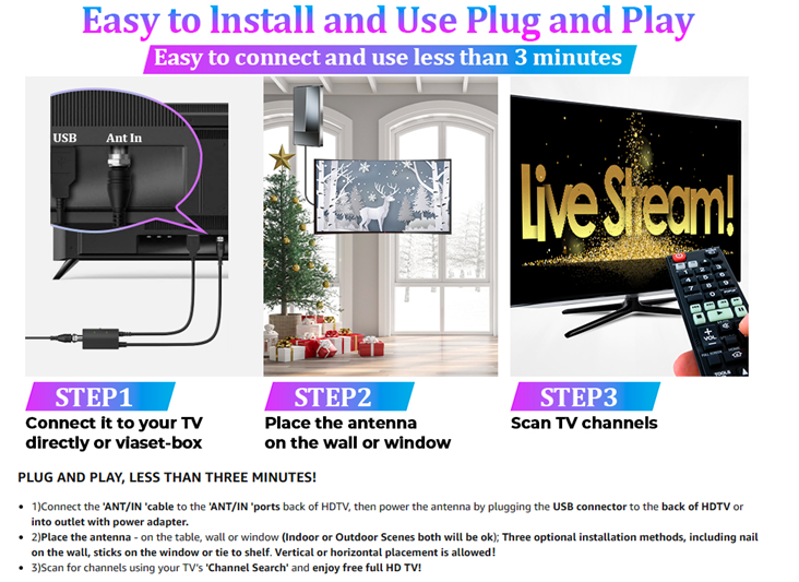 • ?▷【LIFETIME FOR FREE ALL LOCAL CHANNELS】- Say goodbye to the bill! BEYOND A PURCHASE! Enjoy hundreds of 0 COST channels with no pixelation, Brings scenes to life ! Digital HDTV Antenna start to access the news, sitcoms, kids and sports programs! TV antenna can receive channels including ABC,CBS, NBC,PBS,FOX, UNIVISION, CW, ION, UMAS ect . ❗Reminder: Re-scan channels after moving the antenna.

---

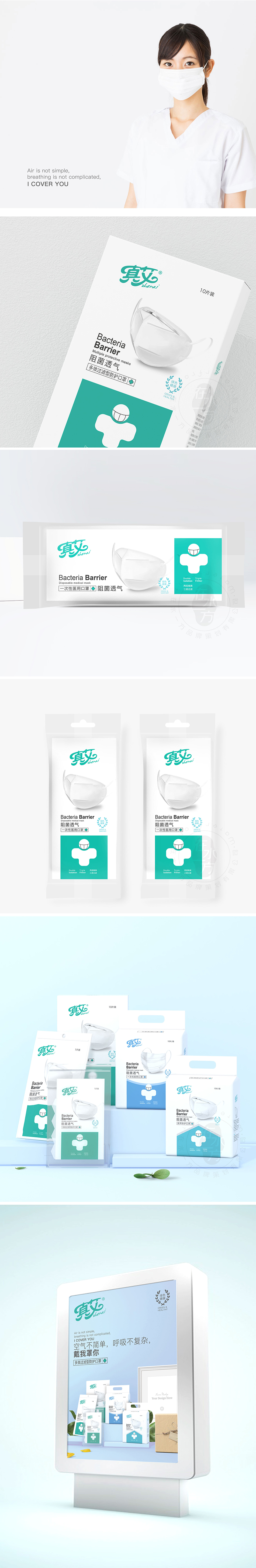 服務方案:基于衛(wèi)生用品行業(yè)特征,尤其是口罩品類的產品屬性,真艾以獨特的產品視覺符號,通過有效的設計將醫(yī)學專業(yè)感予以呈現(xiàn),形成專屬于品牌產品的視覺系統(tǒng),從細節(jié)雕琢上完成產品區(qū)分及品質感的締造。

--

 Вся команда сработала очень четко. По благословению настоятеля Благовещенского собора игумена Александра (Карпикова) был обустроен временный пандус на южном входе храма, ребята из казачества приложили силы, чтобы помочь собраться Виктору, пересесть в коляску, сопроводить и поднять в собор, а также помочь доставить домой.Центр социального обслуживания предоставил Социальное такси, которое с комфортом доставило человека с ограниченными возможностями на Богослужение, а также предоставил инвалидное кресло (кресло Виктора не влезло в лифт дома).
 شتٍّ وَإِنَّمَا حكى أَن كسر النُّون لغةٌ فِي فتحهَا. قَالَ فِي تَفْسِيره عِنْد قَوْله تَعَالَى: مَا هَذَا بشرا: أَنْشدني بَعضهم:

*Requirement*.
Considering only the material above, set down every line from the one with "Вся команда сработала" to the one with "شتٍّ وَإِنَّمَا حكى", inclusive, exactly as written.

*Solution to the exercise*.
 Вся команда сработала очень четко. По благословению настоятеля Благовещенского собора игумена Александра (Карпикова) был обустроен временный пандус на южном входе храма, ребята из казачества приложили силы, чтобы помочь собраться Виктору, пересесть в коляску, сопроводить и поднять в собор, а также помочь доставить домой.Центр социального обслуживания предоставил Социальное такси, которое с комфортом доставило человека с ограниченными возможностями на Богослужение, а также предоставил инвалидное кресло (кресло Виктора не влезло в лифт дома).
 شتٍّ وَإِنَّمَا حكى أَن كسر النُّون لغةٌ فِي فتحهَا. قَالَ فِي تَفْسِيره عِنْد قَوْله تَعَالَى: مَا هَذَا بشرا: أَنْشدني بَعضهم:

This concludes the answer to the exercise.